Ans: Dear SK, I can only imagine the agony that you are going through and I have been coaching many people on this since the time the lockdown began.

None of us knew what the Pandemic would mean and what it would do to our businesses or work or home. It has managed to create new situations that we have no idea of how to handle.

This has caused a lot of anxiety and strain and we have perhaps begun to imagine the worst.

But what if I tell you that the situation is changing and so will the situation at your office?

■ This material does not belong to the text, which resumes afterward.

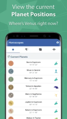 Start your day by checking out your Daily Horoscopes. You will get three each day. You can also view the current planetary positions.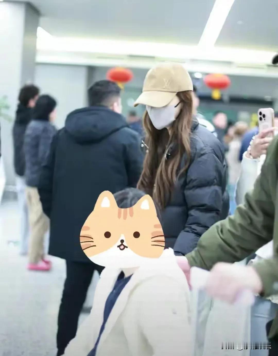 Angelababy上海机场被拍,我看到的不是明星,而是一个普通妈妈的年味 刚刷到Angelababy带小海绵现身上海机场的照片,说实话,这回真被她圈粉了。 以前明星走机场,那都是前呼后拥、助理开道。这回倒好,baby一个人推着俩大行李箱,身边就跟着9岁的小海绵。穿着黑色羽绒服,素面朝天,要不是那满手的金镯子显眼,真以为就是哪个赶着回家过年的普通妈妈。 最戳我的是一个小细节:看到有人拍照,她第一反应是侧身挡住儿子,手轻轻搭在孩子背上。那个动作特别自然,完全当妈的本能。 小海绵已经长到快1米4了,快到妈妈肩膀。一路上蹦蹦跳跳的,还会帮妈妈推箱子。孩子那开朗劲儿,一看就是在爱里长大的。 很多人还在纠结她和黄晓明离没离婚,我倒觉得没必要。看他俩现在这样挺好——1月份刚一起带娃去迪士尼过9岁生日,一个在前面开路,一个牵着孩子,配合得跟搭档似的。离婚不离娃,比那些凑合过、天天吵架的强多了。 马上过年了,baby这是带儿子回上海团聚。说白了,明星也是普通人,也要赶春运、也要置办年货、也要带孩子回家见老人。 看着她推着行李往外走的背影,忽然觉得,这才是顶流该有的样子——不是穿多贵的衣服,而是把妈妈这个身份,做得特别踏实。 Anggelebaby

Will you be inclined to believe that?

Even the top management is behaving in a wayward manner as this is all new to them; especially working from home for many and not much facetime which I guess as a Sales guy you are used to.

Since the response from the markets are not so good, it is bound to show up as a poor performance on your record, this is a valid concern…but to go into work, everyday keeping this in mind may not be effective even with the smallest of tasks as the anxiety keeps you on the edge not doing much but worrying to save your job.

Also, what happened to your colleague may not happen to you. So why focus all your energies on something that may not happen?

Instead, simply focus on ‘realistic’ targets that are achievable at this time.

Also, since you have joined only early this year, I do feel, it is imperative for you to know really your hierarchy and reporting structure. If there are conflicts at the top and you are bearing the brunt, either you need to roll up your sleeves and ace the politics that possibly others are facing too or simply do what you can.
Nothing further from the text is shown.